Generating the CSV File
Now that we have our data in a usable XML format, we can run it against a new stylesheet for converting it to comma-separated-values. Here's the stylsheet
<?xml version="1.0" encoding="UTF-8"?>
<xsl:stylesheet version="1.0" xmlns:xsl="http://www.w3.org/1999/XSL/Transform">
<xsl:output method="text"/>
<xsl:template match="records">
<xsl:text disable-output-escaping="yes">ID,FirstName,LastName,Address,City,State,Zip
</xsl:text>
<xsl:for-each select="record">
<xsl:text/><xsl:value-of select="@id"/>,<xsl:text/>
<xsl:value-of select="normalize-space(instance/FirstName)"/>,<xsl:text/>
<xsl:value-of select="normalize-space(instance/LastName)"/>,<xsl:text/>
<xsl:value-of select="normalize-space(instance/Address)"/>,<xsl:text/>
<xsl:value-of select="normalize-space(instance/City)"/>,<xsl:text/>
<xsl:value-of select="normalize-space(instance/State)"/>,<xsl:text/>
<xsl:value-of select="normalize-space(instance/Zip)"/><xsl:text/>
<xsl:text disable-output-escaping="yes">
</xsl:text>
</xsl:for-each>
</xsl:template>
<xsl:template match="records/record">
</xsl:template>
</xsl:stylesheet>
The first thing you may notice is our stylesheet isn't indented, like most XML examples you see. That's because the spacing in our stylesheet will affect the spacing in our output file, since it is text. Most of the items in the stylesheet are designed to keep all the values from a single record on the same line. We make extensive use of the <xsl:text> tag, which outputs plain text.
<xsl:output method="text"/>
This line, tells the XSLT processor that the stylesheet should output plain text.
<xsl:template match="records">
<xsl:text disable-output-escaping="yes">ID,FirstName,LastName,Address,City,State,Zip
</xsl:text>
This section matches the <records> tag - the root tag we created in our previous stylesheet.

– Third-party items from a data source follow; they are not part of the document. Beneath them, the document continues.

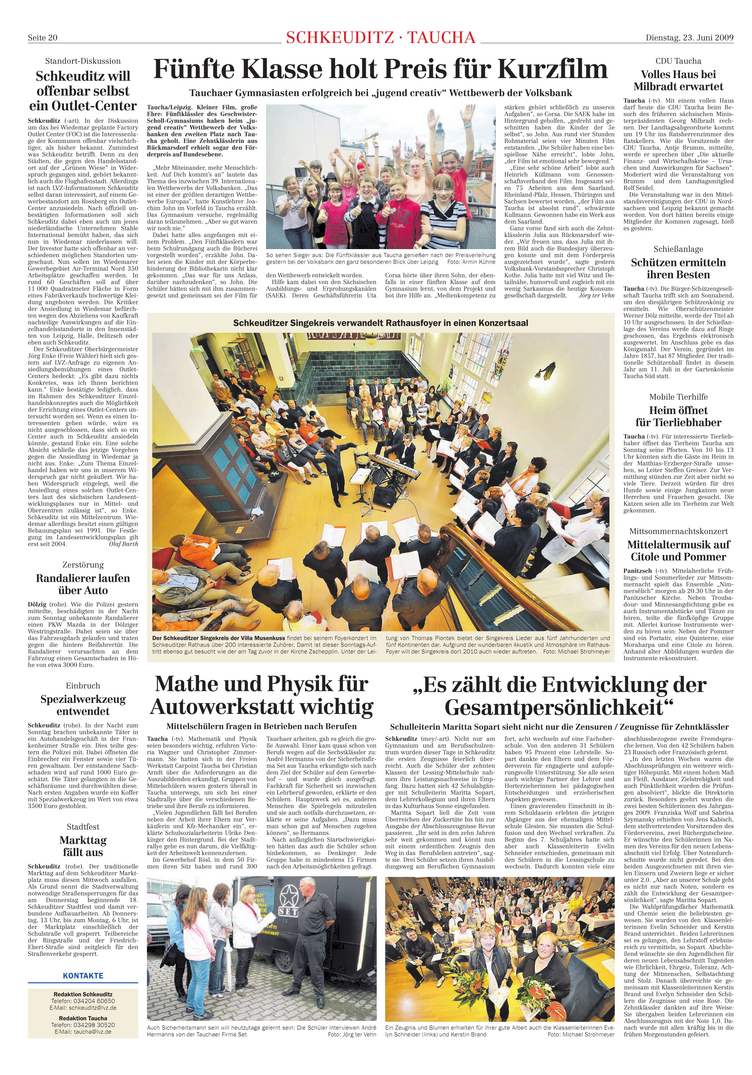 LVZ vom 23.06.2009 – Konzert des Schkeuditzer Singekreises im Foyer des Rathauses von Schkeuditz
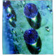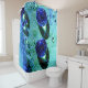 Wassertropfen auf einem Blatt nach Regen entfremdeten sich in einer blauen Farbe. Eine Makronaturfotografie von Katho Menden. Dieser Duschvorhang ist eine Geschenkidee für Naturliebhaber. http://www.zazzle.com/kathom_photo
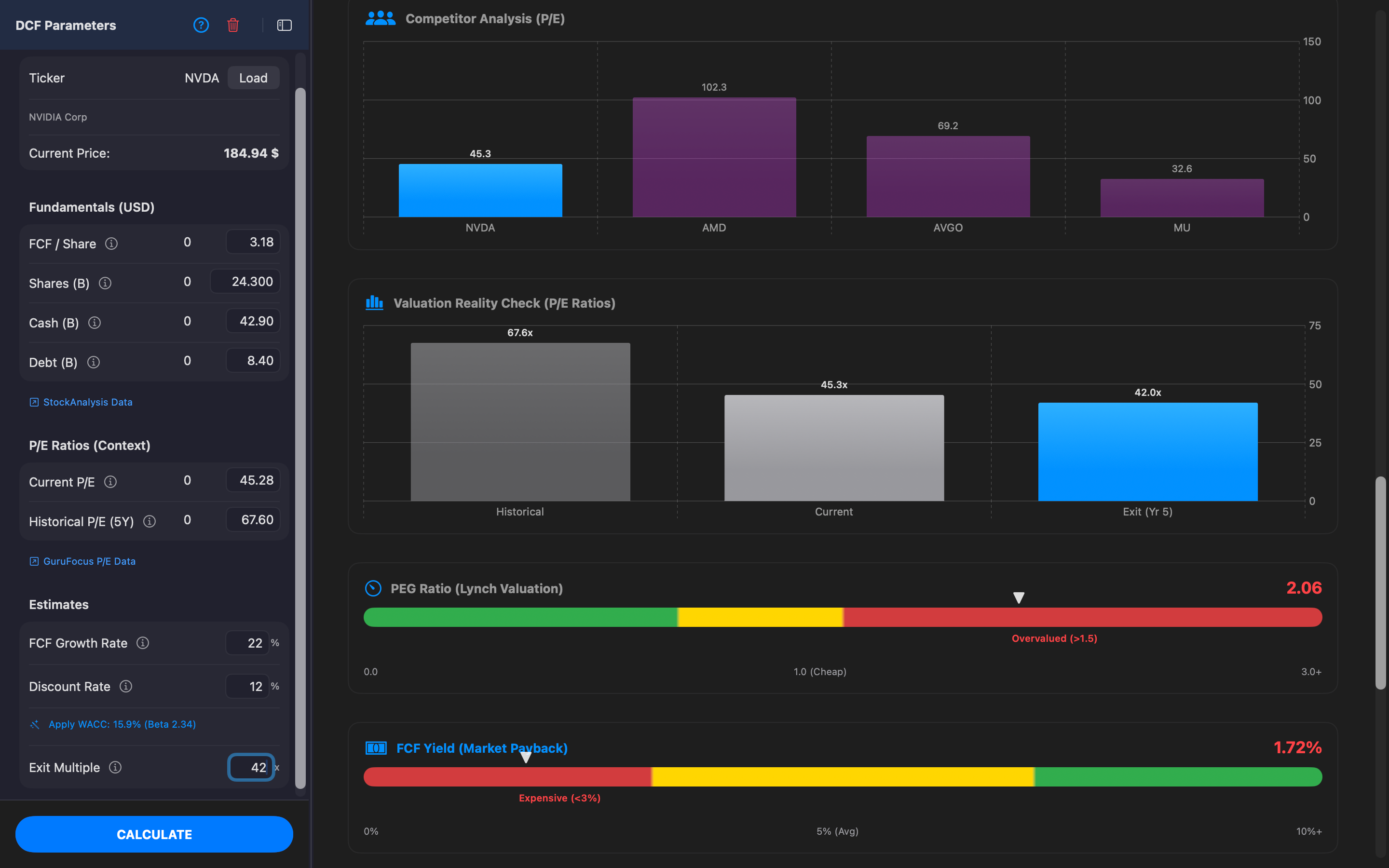 Context matters. Automatically compares your stock's P/E ratio against its top 3 direct industry peers.
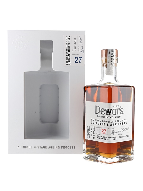 A 50cl bottle of Dewar's 27 Year Old Blended Scotch Whisky, finished in Palo Cortado sherry casks and bottled as part of Double Double series.
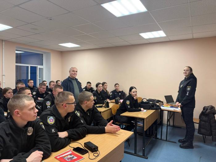 Олена ГОРБАНЬ акцентувала увагу на важливому значенні Національної поліції у захисті, охороні та відновленні прав і свобод громадян, а також у забезпеченні правопорядку в державі, зокрема в умовах дії правового режиму воєнного стану. Крім того, вона ознайомила здобувачів освіти із практикою внутрішнього моніторингу дотримання конституційних прав і свобод у діяльності органів та підрозділів Національної поліції, який здійснюється інспекторами Департаменту головної інспекції та дотримання прав людини.
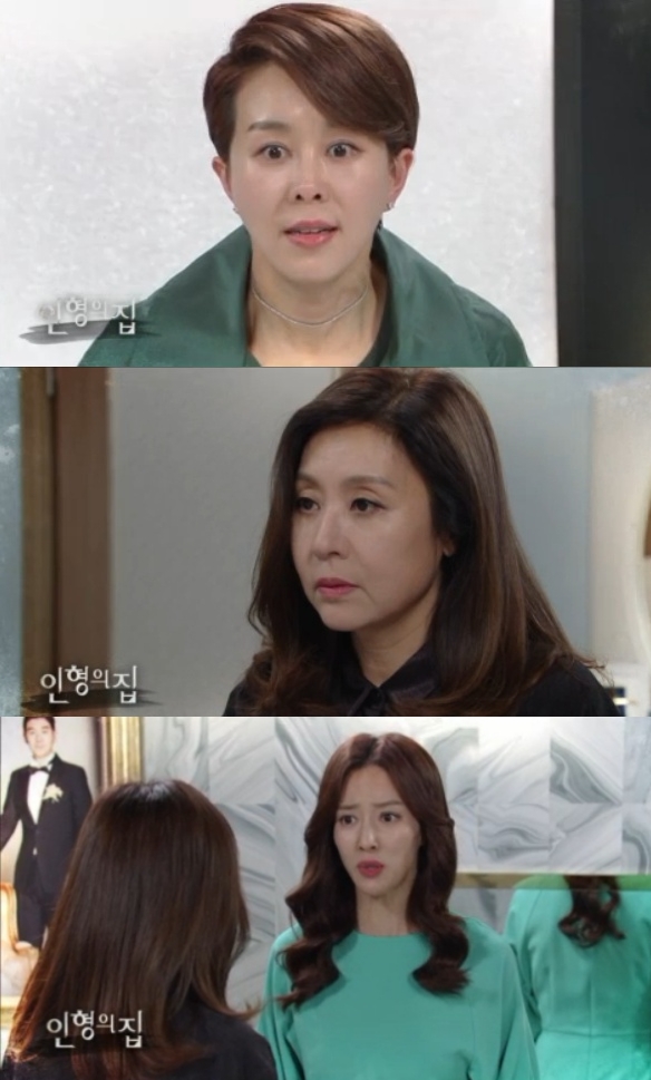 이미지 확대보기9일 오후 방송되는 KBS2 일일드라마 '인형의 집'(연출 김상휘, 극본 김예나·이정대) 31회에서는 김효정(유서진 분)이 금영숙(최명길 분)과 은경혜(정체 홍세연, 왕빛나 분)가 친모녀 사이임을 알고 경악하는 반전이 그려진다.
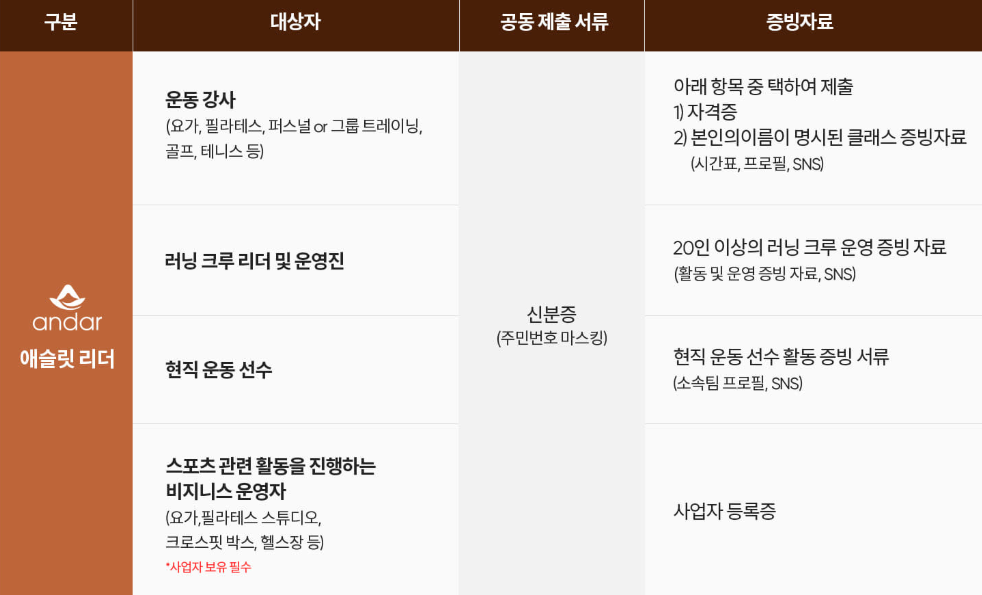 - 안다르 / 젝시믹스 / 뮬라웨어: 필라테스·요가·PT 자격증 보유 시 최대 30~40% 할인
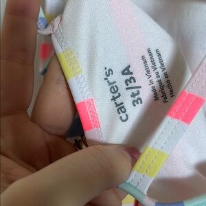NEVER WORN- Vibrant striped swimsuit with ruffle detail. Features pink, blue, green, and yellow stripes.
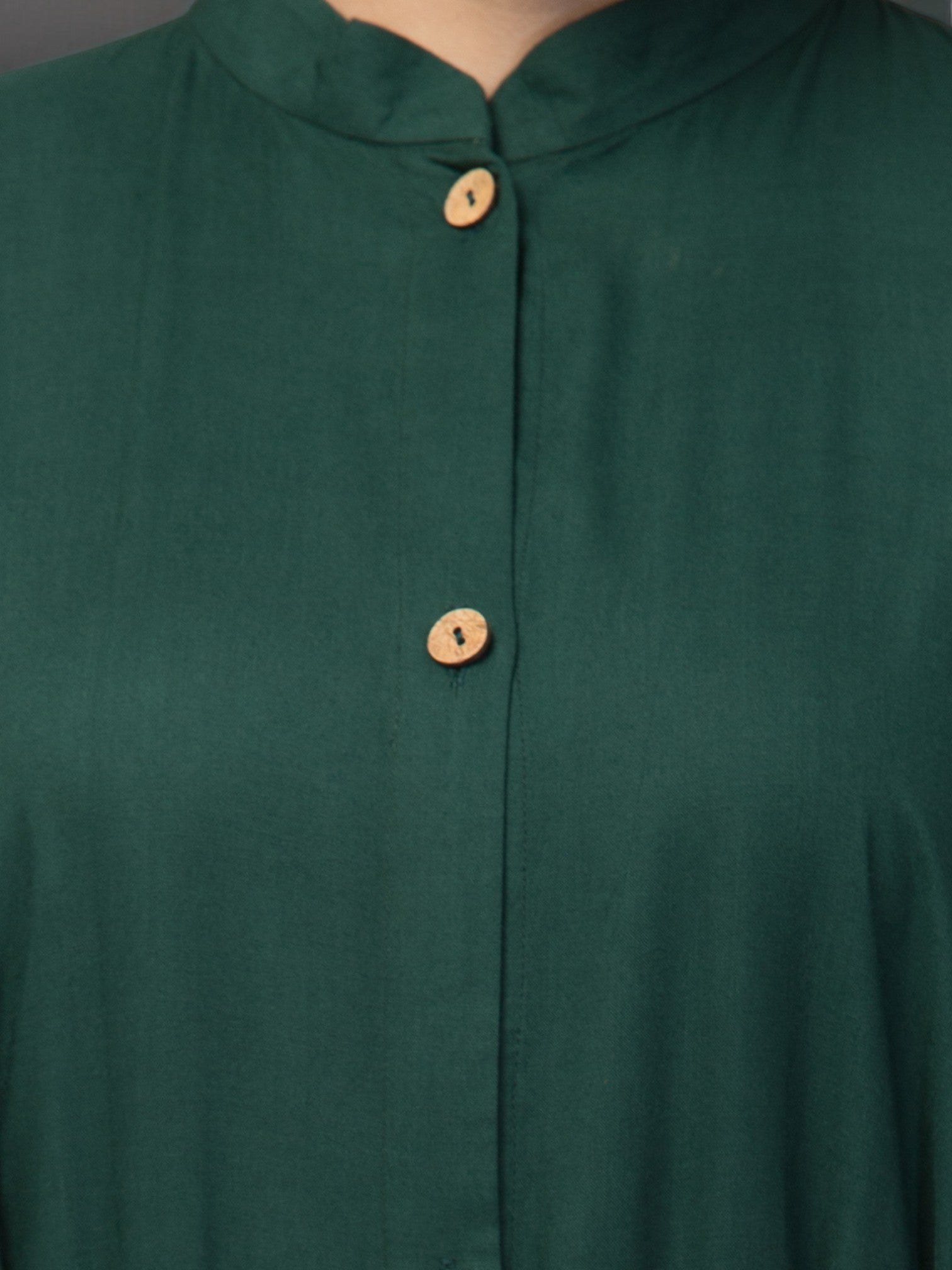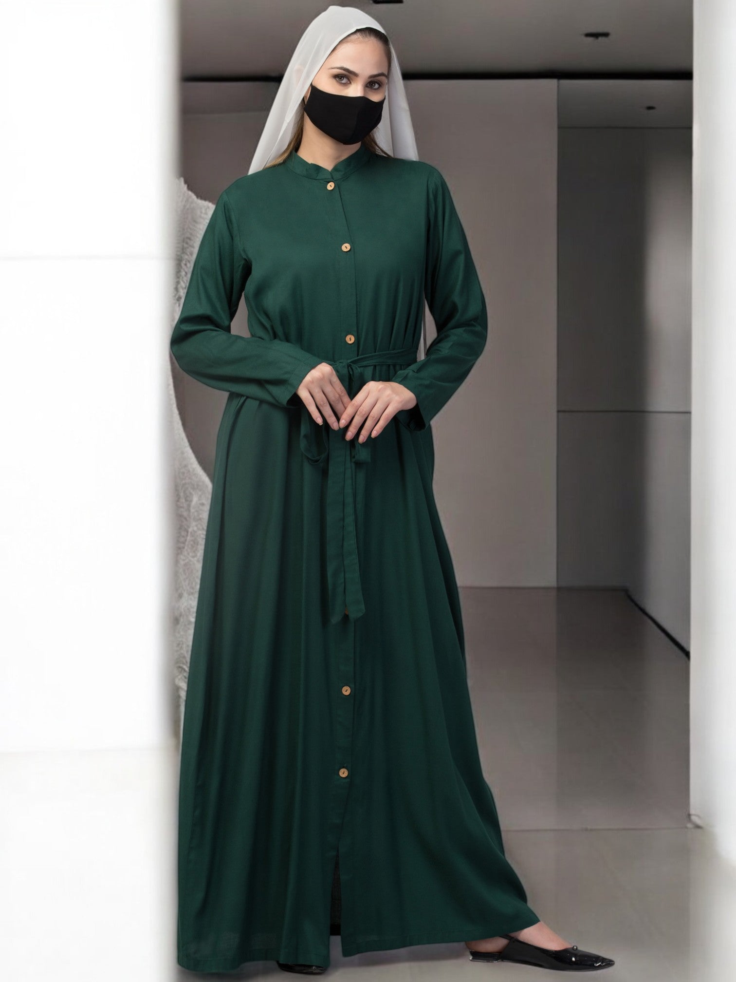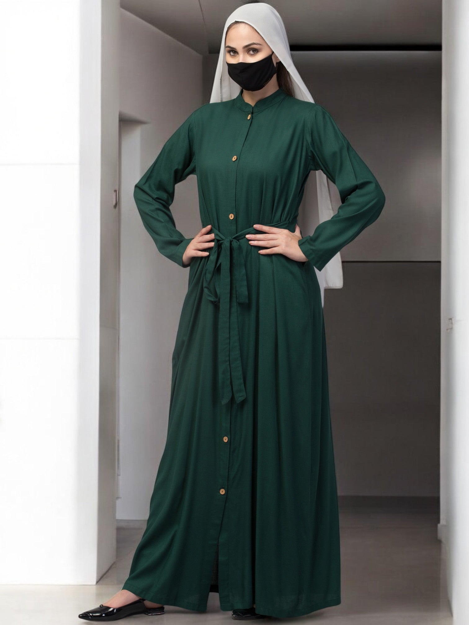 Front Open Abaya In soft Rayon fabric with regular sleeves and wooden buttons.

The <xsl:text> tag in this section creates a field-name row and is optional.
<xsl:for-each select="record">
<xsl:text/><xsl:value-of select="@id"/>,<xsl:text/>
<xsl:value-of select="normalize-space(instance/FirstName)"/>,<xsl:text/>
<xsl:value-of select="normalize-space(instance/LastName)"/>,<xsl:text/>
<xsl:value-of select="normalize-space(instance/Address)"/>,<xsl:text/>
<xsl:value-of select="normalize-space(instance/City)"/>,<xsl:text/>
<xsl:value-of select="normalize-space(instance/State)"/>,<xsl:text/>
<xsl:value-of select="normalize-space(instance/Zip)"/><xsl:text/>
<xsl:text disable-output-escaping="yes">
</xsl:text>
</xsl:for-each>
The bulk of the work is done in this section. It loops through each child <record> tag in the <records> root tag. For each <record>, it outputs the record's ID - from the "id" attribute. Since we're building a comma-separated values file, each field is separated by a comma. If your data will contain commas you'll need to consider some other character(s) to use. After the comma, you'll see another <xsl:text/> tag. This is used for readability. It allows us to place each field value on a separate line but not have that line-break output. Otherwise, we would need to put all the fields on one line.
<xsl:value-of select="normalize-space(instance/FirstName)"/>,<xsl:text/>
All field values follow the same basic pattern as the line above. We use the "normalize-space" function for those fields whose values in the XML data file may span more than one line or contain extra space. This function eliminates that extra whitespace and helps keep the values on one line, as required by the CSV format. Since all our fields are contained by the <instance> tag, the expression used to retrieve them follows the pattern: instance/FieldName. So, the FirstName field is "instance/FirstName".
<xsl:text disable-output-escaping="yes">
</xsl:text>
Finally, we use another <xsl:text> tag that has output escaping disabled. By doing this and having the tag span two lines, we effectively insert a line break, which leaves the output ready for the next line of field values.